Nature Flags Persistent Bias and Hallucination Risks in GPT-5 Medical Diagnostics
A Nature paper reports that GPT-5 still shows sociodemographic bias and remains vulnerable to adversarial hallucinations in medical-diagnosis tasks. The findings are a reminder that frontier models may be more capable, but they are not yet reliably safe for clinical use.
This study matters because it pushes back on a common assumption: that each new model generation automatically solves the last one’s safety flaws. In medical diagnosis, bias and hallucination are not abstract technical defects; they can translate into unequal recommendations and unsafe outputs.
The mention of sociodemographic bias is especially concerning because healthcare already struggles with unequal performance across populations. If a model responds differently depending on demographic context, then its deployment risks amplifying the very disparities medicine is trying to reduce.
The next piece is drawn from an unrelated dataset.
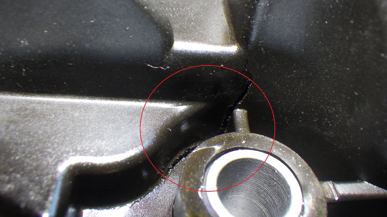 取り外して確認したところ、右下側のタペットカバーにクラックが入っておりました。

Equally important is the adversarial hallucination vulnerability. Medical AI is often discussed as if the main challenge is training enough data, but real-world use also requires resilience to malicious or misleading inputs. A model that performs well in benchmark settings may still fail under pressure.
The takeaway is not that frontier models are useless, but that they require stronger governance, stress testing, and human oversight than many vendors currently admit. In clinical care, cutting-edge capability is only valuable if the system can remain safe when the inputs get messy.